Exercise instructions:
From the top of the records below, return each line exactly, ending with the line that contains "[시민일보 = 여영준".

Material for the task:
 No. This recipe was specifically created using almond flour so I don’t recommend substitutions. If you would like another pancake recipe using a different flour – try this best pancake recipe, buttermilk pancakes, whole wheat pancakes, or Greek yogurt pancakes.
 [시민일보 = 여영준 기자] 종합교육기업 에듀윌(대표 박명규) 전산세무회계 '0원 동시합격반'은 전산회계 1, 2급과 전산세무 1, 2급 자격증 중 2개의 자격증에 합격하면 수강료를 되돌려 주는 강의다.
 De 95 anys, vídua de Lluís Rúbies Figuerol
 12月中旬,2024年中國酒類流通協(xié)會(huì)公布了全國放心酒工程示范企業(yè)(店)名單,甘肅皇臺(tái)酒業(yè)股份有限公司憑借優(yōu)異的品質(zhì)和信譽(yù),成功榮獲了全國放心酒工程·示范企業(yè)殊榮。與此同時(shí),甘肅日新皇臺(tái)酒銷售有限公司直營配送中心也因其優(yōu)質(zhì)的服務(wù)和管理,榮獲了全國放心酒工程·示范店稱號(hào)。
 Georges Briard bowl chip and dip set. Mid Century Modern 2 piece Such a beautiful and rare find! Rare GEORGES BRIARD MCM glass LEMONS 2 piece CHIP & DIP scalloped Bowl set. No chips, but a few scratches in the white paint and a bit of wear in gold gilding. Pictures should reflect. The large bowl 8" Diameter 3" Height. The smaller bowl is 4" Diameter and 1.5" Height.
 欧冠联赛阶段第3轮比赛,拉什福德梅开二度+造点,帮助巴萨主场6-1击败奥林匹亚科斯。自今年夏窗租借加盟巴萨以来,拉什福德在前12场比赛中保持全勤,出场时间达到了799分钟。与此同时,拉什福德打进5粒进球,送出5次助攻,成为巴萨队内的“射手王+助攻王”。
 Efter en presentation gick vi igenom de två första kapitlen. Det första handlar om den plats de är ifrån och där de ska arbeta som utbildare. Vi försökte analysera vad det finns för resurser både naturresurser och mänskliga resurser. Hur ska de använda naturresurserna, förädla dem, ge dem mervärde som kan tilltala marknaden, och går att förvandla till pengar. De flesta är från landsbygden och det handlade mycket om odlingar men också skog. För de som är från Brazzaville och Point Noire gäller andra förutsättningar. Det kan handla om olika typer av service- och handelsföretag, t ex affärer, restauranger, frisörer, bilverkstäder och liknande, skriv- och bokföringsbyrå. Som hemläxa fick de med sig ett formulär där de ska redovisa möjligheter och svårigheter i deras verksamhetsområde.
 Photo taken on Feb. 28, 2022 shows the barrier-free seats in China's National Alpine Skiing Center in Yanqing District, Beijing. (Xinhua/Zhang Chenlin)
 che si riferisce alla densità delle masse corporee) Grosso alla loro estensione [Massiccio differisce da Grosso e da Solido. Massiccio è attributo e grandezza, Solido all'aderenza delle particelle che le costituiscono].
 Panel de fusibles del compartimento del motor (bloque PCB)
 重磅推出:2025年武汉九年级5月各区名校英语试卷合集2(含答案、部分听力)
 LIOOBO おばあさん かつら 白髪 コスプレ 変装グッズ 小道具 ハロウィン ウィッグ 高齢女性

Answer area:
 No. This recipe was specifically created using almond flour so I don’t recommend substitutions. If you would like another pancake recipe using a different flour – try this best pancake recipe, buttermilk pancakes, whole wheat pancakes, or Greek yogurt pancakes.
 [시민일보 = 여영준 기자] 종합교육기업 에듀윌(대표 박명규) 전산세무회계 '0원 동시합격반'은 전산회계 1, 2급과 전산세무 1, 2급 자격증 중 2개의 자격증에 합격하면 수강료를 되돌려 주는 강의다.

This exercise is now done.